**DATA FOR THE TASK:**
- - -

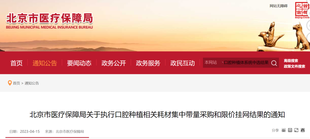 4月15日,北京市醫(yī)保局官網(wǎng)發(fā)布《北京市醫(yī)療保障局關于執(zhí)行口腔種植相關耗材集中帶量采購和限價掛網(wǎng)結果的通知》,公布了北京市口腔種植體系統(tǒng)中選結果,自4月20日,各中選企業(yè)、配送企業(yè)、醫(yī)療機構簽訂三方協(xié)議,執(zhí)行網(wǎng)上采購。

- - -

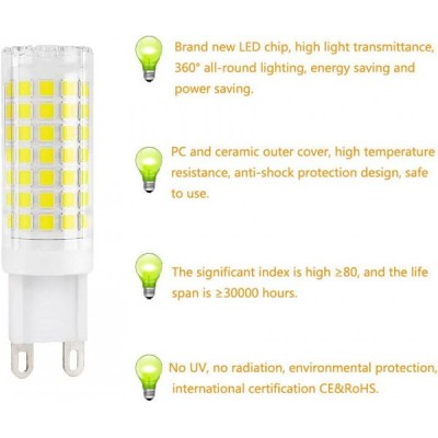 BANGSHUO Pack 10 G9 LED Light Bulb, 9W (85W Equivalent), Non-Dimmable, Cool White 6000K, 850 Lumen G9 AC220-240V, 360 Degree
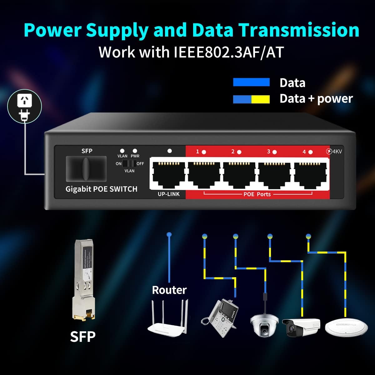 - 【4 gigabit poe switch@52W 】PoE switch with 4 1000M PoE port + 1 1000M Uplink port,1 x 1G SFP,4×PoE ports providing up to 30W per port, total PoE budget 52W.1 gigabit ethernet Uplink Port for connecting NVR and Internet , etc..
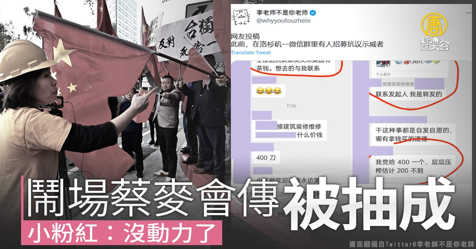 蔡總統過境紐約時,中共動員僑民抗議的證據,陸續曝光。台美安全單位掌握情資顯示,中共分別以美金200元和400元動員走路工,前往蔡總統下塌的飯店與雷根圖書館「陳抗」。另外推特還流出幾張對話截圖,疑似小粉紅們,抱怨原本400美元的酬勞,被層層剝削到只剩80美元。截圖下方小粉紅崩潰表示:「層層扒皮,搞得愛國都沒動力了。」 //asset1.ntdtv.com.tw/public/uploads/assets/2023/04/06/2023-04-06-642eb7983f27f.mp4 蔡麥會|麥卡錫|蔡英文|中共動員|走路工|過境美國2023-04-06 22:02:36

- - -

**WORK ORDER:**
The copy should hold only the lines from the one with "BANGSHUO Pack 10" through the one with "- 【4 gigabit", exactly as they stand above. Leave out the pictures.

**RESPONSE TO THIS EXERCISE:**
 BANGSHUO Pack 10 G9 LED Light Bulb, 9W (85W Equivalent), Non-Dimmable, Cool White 6000K, 850 Lumen G9 AC220-240V, 360 Degree
 - 【4 gigabit poe switch@52W 】PoE switch with 4 1000M PoE port + 1 1000M Uplink port,1 x 1G SFP,4×PoE ports providing up to 30W per port, total PoE budget 52W.1 gigabit ethernet Uplink Port for connecting NVR and Internet , etc..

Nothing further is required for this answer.